Kekecewaan warga Maharta bukan tanpa alasan. Hingga banjir terparah yang terjadi pada Minggu lalu, belum ada langkah konkret yang dilakukan pemerintah daerah untuk menangani persoalan banjir secara menyeluruh.

Warga menilai, meskipun laporan demi laporan sudah disampaikan, respons pemerintah daerah belum menunjukkan hasil nyata. Petugas yang datang pun, menurut warga, hanya sebatas melakukan pendataan tanpa ada tindak lanjut perbaikan infrastruktur drainase.

“Saya sendiri sudah beberapa kali melapor ke kelurahan, tapi sampai sekarang tidak ada hasilnya. Kalau hanya sekadar mendata, kami juga bisa. Yang kami butuhkan adalah solusi nyata,” ujar Anwar, menambahkan kekecewaannya.

Merespons situasi tersebut, warga akhirnya terpaksa mengambil inisiatif sendiri. Mereka membuat grup komunikasi di media sosial untuk saling memberikan informasi terkini seputar banjir, serta mengorganisasi gotong royong membersihkan saluran air dan menyiapkan posko darurat bagi warga terdampak.

"Kami mendirikan posko swadaya untuk membantu warga yang rumahnya terendam. Semua ini hasil patungan dan kerja sama warga, karena kami tidak bisa hanya mengandalkan pemerintah," tutur Maya.

Dampak Sosial dan Ekonomi Semakin Berat

Banjir berulang yang melanda Perumahan Maharta juga membawa dampak ekonomi yang tidak sedikit. Banyak warga yang harus merelakan perabotan rumah tangga rusak, bahkan sebagian pelaku usaha rumahan mengalami kerugian akibat operasional yang terganggu.
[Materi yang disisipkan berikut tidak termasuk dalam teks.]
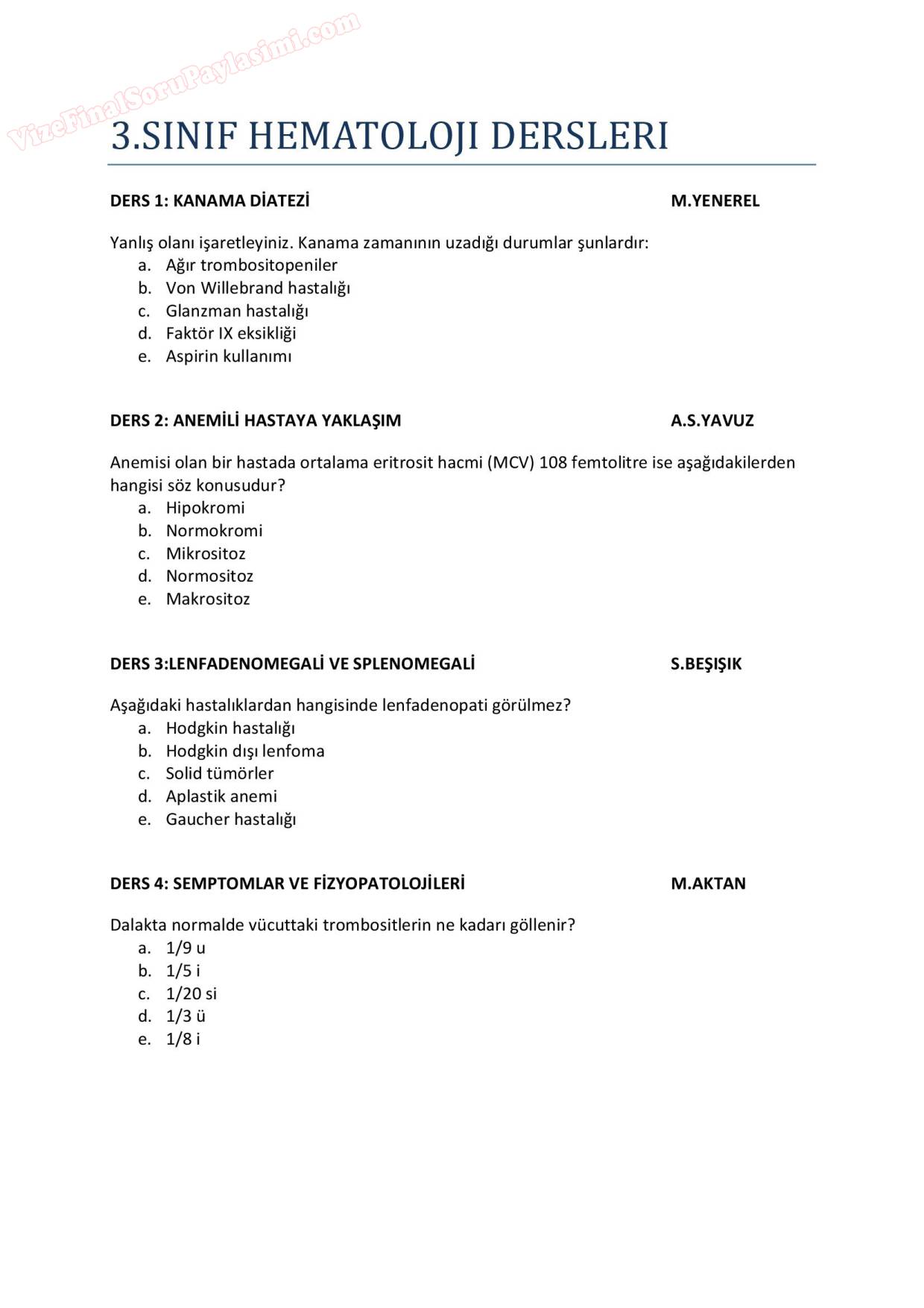 Hematoloji Dersi ve Soruları 10-10-2022, 18:16
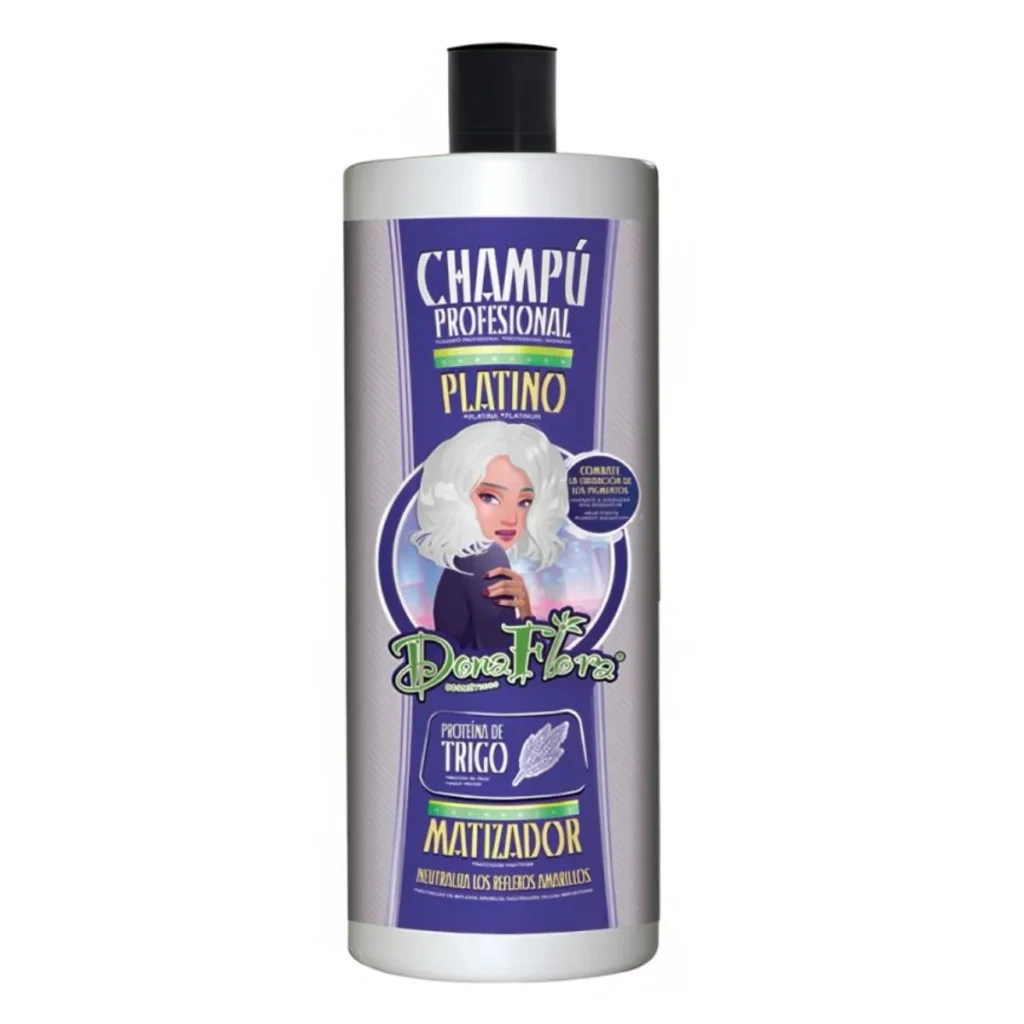 Dona Flora - Champú Matizador Platino - Neutraliza Tonos Amarillos y Naranjas - Pigmentos Violeta - Hidrata y Fortalece -Ideal para Cabellos Rubios, Decolorados o Grises - 1000ml

Imam (50 tahun), pemilik warung kelontong di kawasan tersebut, mengaku pasrah. Setiap banjir, tokonya pasti terendam air, mengakibatkan stok barang dagangan basah bahkan rusak.

“Barang dagangan basah semua. Rugi besar setiap kali banjir. Mau bagaimana lagi? Pemerintah seperti tak peduli,” keluh Imam, yang berharap ada perhatian serius dari pemerintah kota.

Tak hanya itu, arus lalu lintas di sekitar perumahan juga lumpuh total akibat banjir. Warga yang hendak beraktivitas terpaksa mencari jalur alternatif atau menunda perjalanan mereka.

"Anak saya sampai tidak bisa berangkat sekolah karena akses jalan terputus. Ini sangat mengganggu aktivitas sehari-hari kami," tambah Maya.

Warga Harap Pemerintah Segera Bertindak

Menyikapi situasi ini, warga Perumahan Maharta mendesak pemerintah Kota Tangerang Selatan untuk segera mengambil langkah konkret. Mereka berharap agar pemerintah tidak sekadar turun mendata, tetapi juga benar-benar melakukan perbaikan menyeluruh pada sistem drainase dan penanganan banjir di kawasan mereka.

“Kami tidak mau janji-janji lagi. Sudah cukup lelah. Kami butuh aksi nyata dari pemerintah untuk membangun drainase yang memadai, bukan hanya menunggu banjir datang baru sibuk,” tegas Anwar.

Senada dengan itu, Maya juga menambahkan, "Kami bukan ingin menyalahkan siapa pun. Tapi ini persoalan yang sangat serius dan menyangkut keselamatan warga. Kalau dibiarkan, lama-lama bisa memicu bencana yang lebih besar."

Warga Bergerak, Pemerintah Diharapkan Tidak Diam

Banjir yang kembali menerjang Perumahan Maharta menjadi cermin nyata bahwa penanganan banjir di Tangerang Selatan masih jauh dari kata tuntas. Warga yang selama ini hanya mengandalkan gotong royong berharap pemerintah daerah segera turun tangan secara serius dan berkelanjutan.

Upaya swadaya warga memang patut diapresiasi, namun tentu tidak cukup jika tanpa dibarengi dengan intervensi pemerintah yang terstruktur dan berkesinambungan. Dengan perbaikan infrastruktur drainase yang memadai, serta kolaborasi erat antara pemerintah dan masyarakat, diharapkan musibah banjir di Perumahan Maharta tidak lagi menjadi bencana tahunan.